While praised for their significant form, Pollock's drip paintings followed the Dada course of automatism. In the Dada spirit Pollock offered a conceptually bracketed activity as art. By restricting the spectator's frame of reference to the painting process, the Action painter, with one eye toward history and another toward the psychology of the art experience, reduced art to the recording of an unconscious (undirected) aesthetic act. He took the underlying potential for metonymic symbolism apparent in the indexing of the photograph and in the Impressionist's attention to surface and texture, and made it the primary concern. Action painting was no less symbolic than previous art, but the strategy was relation by causation (indexing) rather than metaphoric similarity. Pollock's drip paintings would become symbols of unconscious expression in art.

In the art that followed, the heated aggression and emotive content of Abstract Expressionism cooled to become Color Field. In time, the avant-garde would deny any relation to the spiritual or the symbolic (Rothko is the notable exception). The aesthetics of high Modern espoused flatness, reduced shape and reduced surface. Art rid itself of excess baggage. Color Field painters attempted to eliminate everything save reference to the painting. 'Significant form' became the guiding concept for Color Field painters. How removed from the emotional intensity of Abstract Expressionism were the austere rarefactions of Color Field.

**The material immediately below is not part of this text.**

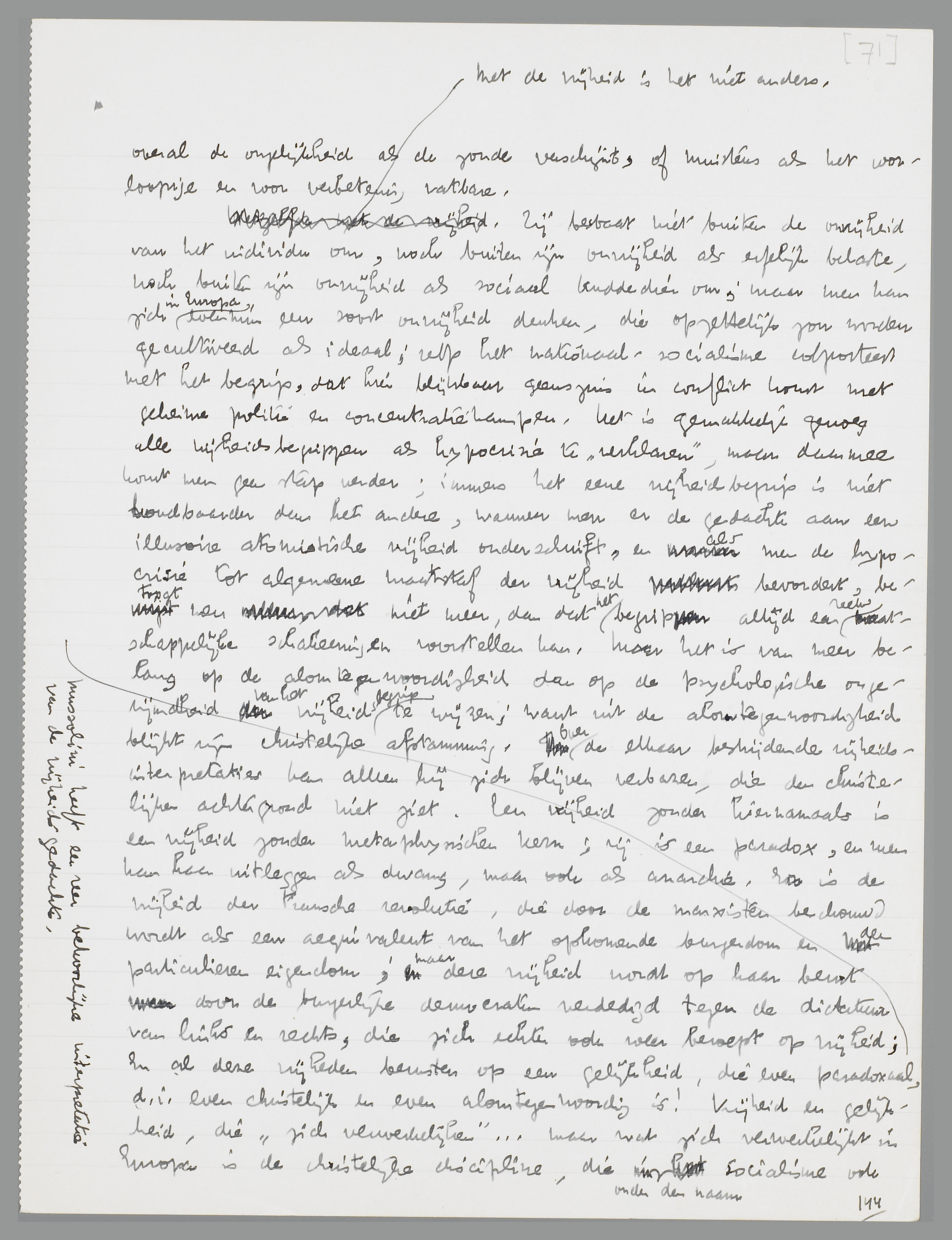 vrijheden berusten op een gelijkheid, die even paradoxaal, d.i. even christelijk en even alomtegenwoordig is! Vrijheid en gelijkheid, die ‘zich verwerkelijken’... maar wat zich verwerkelijkt in Europa is de christelijke discipline, die onder den naam socialisme ook den bourgeois zijn meerderheidsgevoel boven ‘het volk’ (het geïmproviseerde ongelijkheidsprivilege van het geld) nog ontnam, zoodat hij zich zelfs onder de reactie van het nationaal-socialisme laat aandienen als ‘volksgenoot’ en ‘kameraad’.

As a concept of the Modern paradigm, the term was appropriately applied to Pollock's drip paintings. Significant form provided a discursive context for examining the process by which the mind mediates new experience. The subtle apprehension of significant form was an awareness of the symbol forming process as it encodes experience. The symbol is the enigmatic source of formal perception. The symbolic function determines form as an instrument of thought. Significant form is symbolic form. It is symbolism clarified of non-perceptual concerns and structured in the context of the Formalism. The Formalist's aesthetic response was the transcendent apprehension of the symbol. The accompanying feelings and emotions were the result of the non-discursive content of the symbolic experience.

After Color Field established itself as a movement in the Modern tradition of continuous innovation, where was it to go? It became evident there was no final statement, no final metaphor, no checkmate, no consciousness-negating reduction and no a priori form. Freed from the subject, freed from all but the format, Modernism had no choice but to fulfill its reductive logic and eliminate the rectangular image and self-referential meaning. As Greenberg's flock played out its final solutions, the Color Field painter reduced image to 'objectness.' In an at first subtle shift in direction from the perceptual preoccupations of Color Field to the conceptual concerns of Minimal art, the painting became a shallow relief object. The primary object was all that was left, and it was still recognizable as art. Structuralism ensued.